In 2022, Muckenhirn made 47 appearances for the Triple-A Charlotte Knights, registering a 3–1 record and 3.11 ERA with 56 strikeouts and two saves in 55 innings. He elected free agency following the season on November 10, 2022.

===New York Mets===
On November 23, 2022, Muckenhirn signed a minor league contract with the New York Mets organization. He competed for a bullpen spot in Spring Training, but did not win the job and was assigned to the Triple-A Syracuse Mets to begin the 2023 season. In six appearances to start the year, he posted a 0.77 ERA with four strikeouts and one save in 11 2/3 innings. On May 1, 2023, the Mets selected Muckenhirn to the 40-man roster and promoted him to the major leagues for the first time in advance of the team's doubleheader against the Atlanta Braves. He debuted on May 3, tossing 1 2/3 innings of one-hit, no-run ball against the Detroit Tigers. He made 3 appearances for the Mets, surrendering four runs on 11 hits and two walks with three strikeouts in six innings pitched. On July 3, Muckenhirn was designated for assignment after Elieser Hernández was activated from the injured list.

===Seattle Mariners===
On July 3, 2023, the Mets traded Muckenhirn to the Seattle Mariners in exchange for Chris Flexen and Trevor Gott. In 7 appearances for the Triple–A Tacoma Rainiers, he struggled to a 9.35 ERA with 5 strikeouts in 8 2/3 innings pitched. On August 9, he was designated for assignment following the promotion of Emerson Hancock. He cleared waivers and was sent outright to Triple–A Tacoma on August 11. Muckenhirn elected free agency following the season on November 6.

===High Point Rockers===
On April 10, 2024, Muckenhirn signed with the High Point Rockers of the Atlantic League of Professional Baseball. In 25 appearances for High Point, Muckenhirn logged a 4.24 ERA with 38 strikeouts across 34 innings pitched.

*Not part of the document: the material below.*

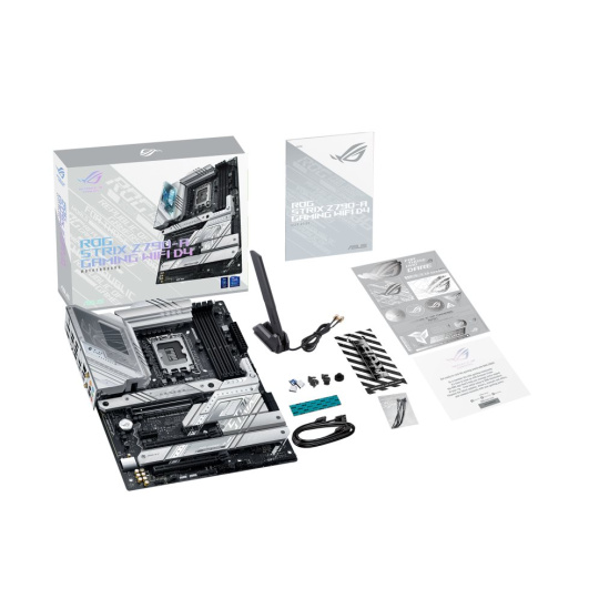 Intel® Z790 LGA 1700 ATX motherboard with 16 + 1 power stages, DDR4 memory support, four M.2 slots, PCIe® 5.0 x16 SafeSlot with Q-Release, WiFi 6E, USB 3.2 Gen 2x2 Type-C® rear I/O port and additional front-panel connector with PD 3.0 up to 30W, AI Overclocking, AI Cooling II, and Aura Sync RGB lighting

===Sultanes de Monterrey===
On July 5, 2024, Muckenhirn signed with the Sultanes de Monterrey of the Mexican League. In 9 games for Monterrey, he recorded a 1.04 ERA with 6 strikeouts across 8 2/3 innings pitched.

In 2025, Muckenhirn returned to Monterrey for a second season however he was placed on the reserve list and did not appear in a game for Monterrey.

==Post Playing Career==
In 2026, Muckenhirn joined the coaching staff of his former high school in Ohio.